EXERCISE GOAL:
The lines to return run from the start of the material below through the line holding "이를 해결하기 위해 WebFlux는", both included; please give them back exactly, minus the pictures.

DATA BLOCK:
____________________

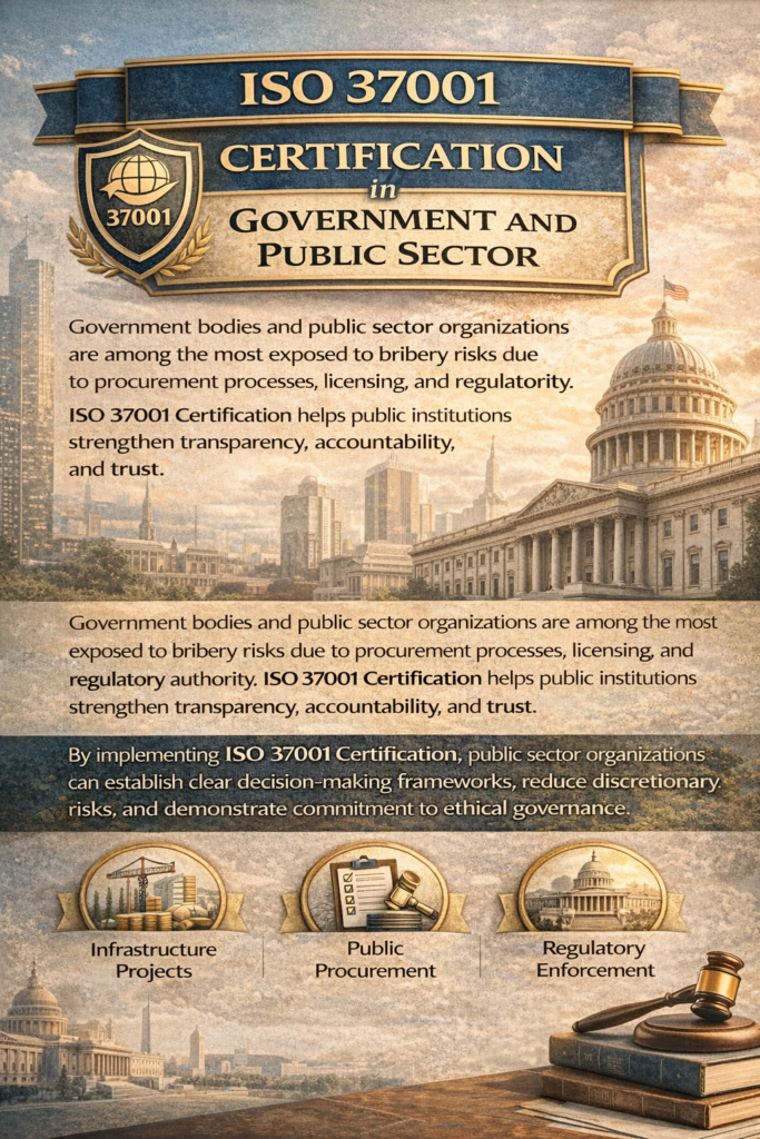 Government bodies and public sector organizations are among the most exposed to bribery risks due to procurement processes, licensing, and regulatory authority. iso 37001 Certification helps public institutions strengthen transparency, accountability, and trust.
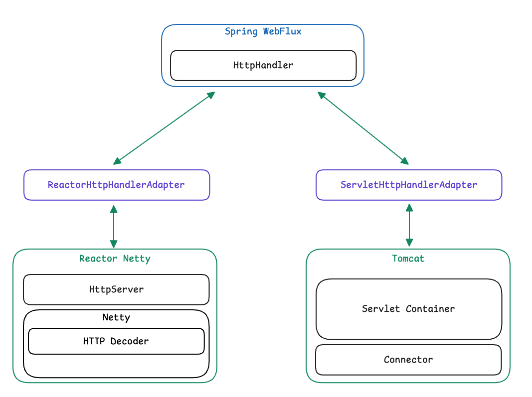 이를 해결하기 위해 WebFlux는 서버 독립적인 공통 요청 처리 지점으로 HttpHandler 인터페이스를 정의했습니다. 그리고 Netty 환경에서는 ReactorHttpHandlerAdapter, Servlet 환경에서는 ServletHttpHandlerAdapter가 HttpHandler를 각 서버가 요구하는 처리 방식에 맞게 변환해 연결합니다.
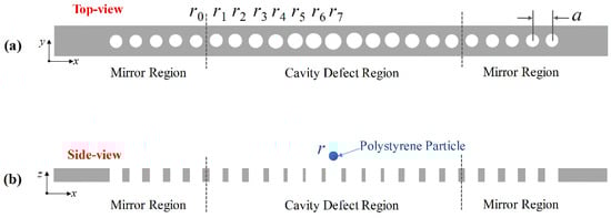 (a) Top-view and (b) Side-view of the structure of the larger-center-hole nanobeam photonic crystal cavity, above which a polystyrene particle is introduced. The position of the polystyrene particle deviates from the center of the largest hole of the cavity in the x direction is denoted as Δx. The distance between the center of the polystyrene particle and the top surface of the nanobeam cavity in the z direction is denoted as Δz.

____________________

RESPONSE TO THE TASK:
 Government bodies and public sector organizations are among the most exposed to bribery risks due to procurement processes, licensing, and regulatory authority. iso 37001 Certification helps public institutions strengthen transparency, accountability, and trust.
 이를 해결하기 위해 WebFlux는 서버 독립적인 공통 요청 처리 지점으로 HttpHandler 인터페이스를 정의했습니다. 그리고 Netty 환경에서는 ReactorHttpHandlerAdapter, Servlet 환경에서는 ServletHttpHandlerAdapter가 HttpHandler를 각 서버가 요구하는 처리 방식에 맞게 변환해 연결합니다.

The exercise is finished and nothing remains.